Open mjy opened 3 years ago
Hm. See if this paper helps with documenting (unambiguously) what is meant by "unknown." Note that #DiSSCo folks are thinking hard about this and want to standardize use of "unknown" across their network if possible. See
Quentin Groom, Mathias Dillen, Helen Hardy, Sarah Phillips, Luc Willemse, Zhengzhe Wu, Improved standardization of transcribed digital specimen data, Database, Volume 2019, 2019, baz129, https://doi.org/10.1093/database/baz129
Table 2 from their paper (regarding Unknown and incomplete data): Missing data terms | Definition | Example |
---|---|---|
unknown | The information is not digitally available. | Empty value in a digital record of unknown provenance |
unknown:undigitized | The information is not digitally available. No attempt has been made to digitize it. | Empty value in a skeletal record to which data still need to be added from the label |
unknown:missing | The information is not digitally available. It appeared to be absent during digitization. | A value of S.D. used by transcription platforms to indicate the absence of a date value |
unknown:indecipherable | The information is not digitally available. It appeared to be present during digitization, but failed to be captured. | An indication made by a transcriber that they failed to transcribe the information |
known:withheld | The information is digitally available, but it has been withheld by the provider. | A georeferenced record for which coordinate data are available but withheld for conservation considerations |
Thanks. All of these are valid assertions, none of these are the assertion of "unknowable" :)

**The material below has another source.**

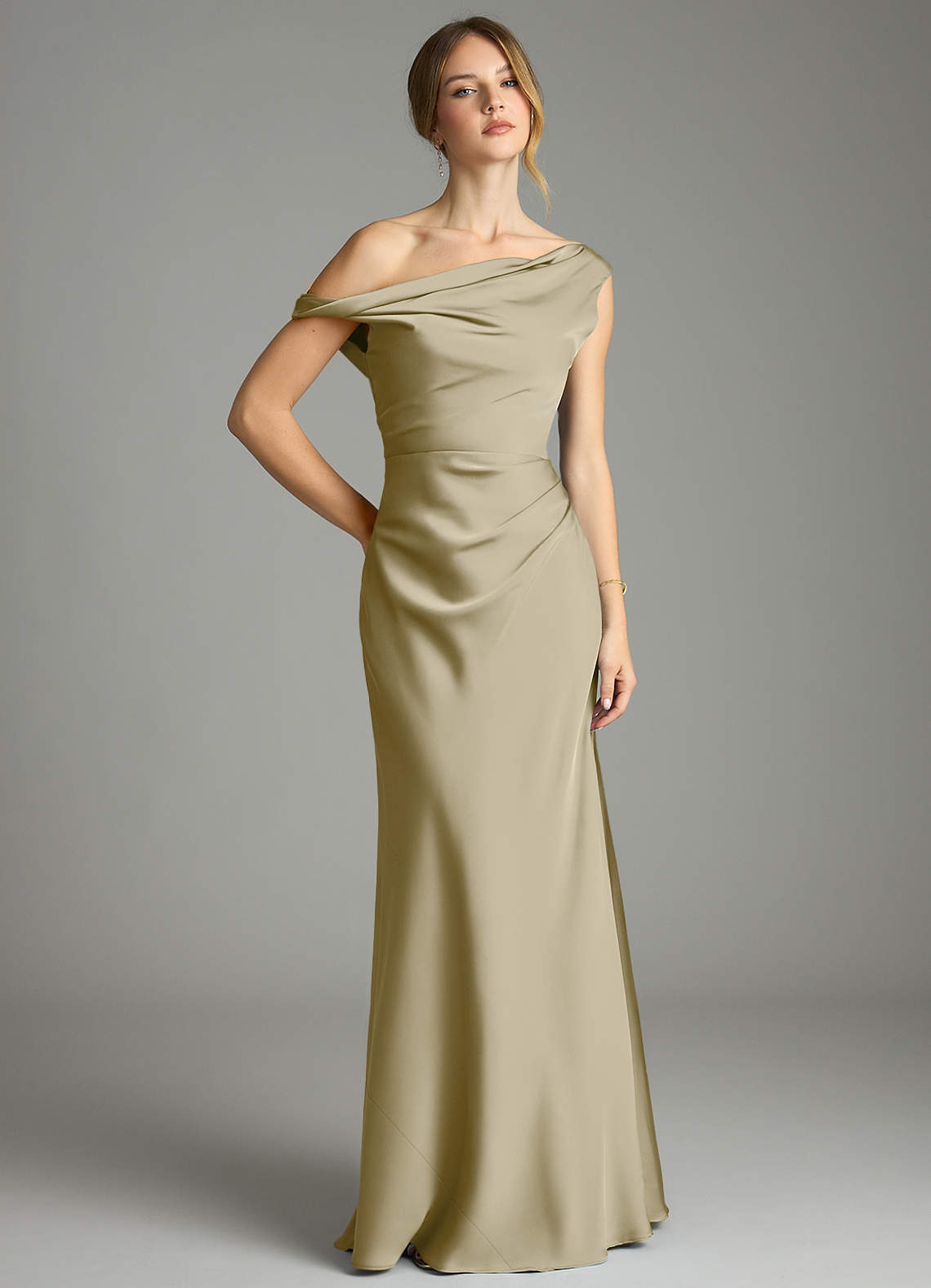 Moss Green Mermaid Off the Shoulder Stretch Satin Dress
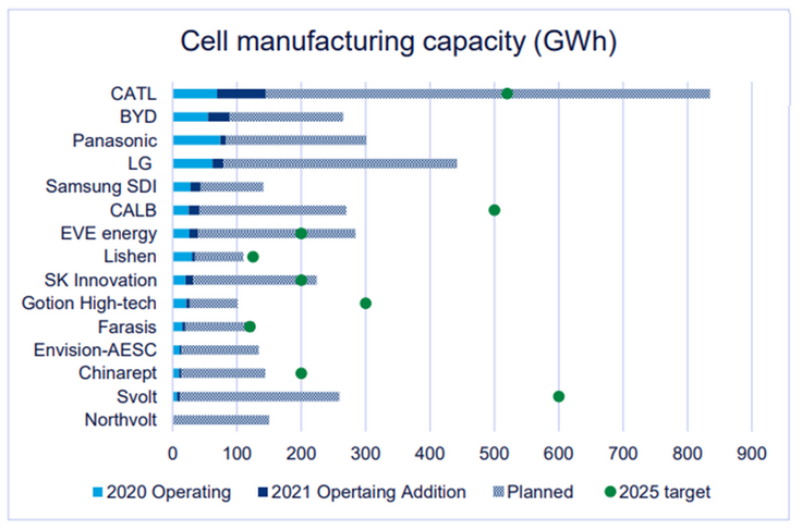 在2021年全球產(chǎn)能排名前15位的廠商共生產(chǎn)約200GWh的電池,累計產(chǎn)能達(dá)到600GWh。與此同時,還有3,000GWh的電池產(chǎn)能處于規(guī)劃或建設(shè)階段。例如寧德時代公司以出色的運營和計劃產(chǎn)能引領(lǐng)生產(chǎn)規(guī)模增長,到2030年該公司的產(chǎn)能達(dá)到800GWh。還有一些中國電池制造商也制定了雄心勃勃的2025年產(chǎn)能目標(biāo)。Wood Mackenzie公司預(yù)計2022年將會開通更多新工廠。

So, a good one for them to try and add!
All of these are valid assertions, none of these are the assertion of "unknowable" :)
Hm. unknown:indecipherable might be why something is "unknowable."
Not the same I think. That is data is present, but computers can't infer on it.
I find this somewhat telling. Rather than start with what curators might tell us, and try to get that in the standard, this seem to start with a digital product, and its nature. I.e. the most basic assertion a curator on the ground needs is "I can not do more with this because the physical thing is destroyed". Everything else for them is "bonus".
At present the semantics are to assign a Confidence with the definition along the lines of "I am confident and assert that that this attribute on this instance of this class is unknowable". Specific confidence levels that extend this concept to add "why?" are possible, for example:
It is perhaps best to use the fewest possible number of reasons as to why something is unknowable, as it is highly doutbful that curating to a finer granularity will actually result in meaningful broader data integration etc. The principal is, minimize the amount of down-stream re-interpretation you are forcing people to do. Downstream consumers of your assertions (e.g. scientists doing science with your data) are going to operate on a few boolean descisions as to wether or not the data are useful for their needs.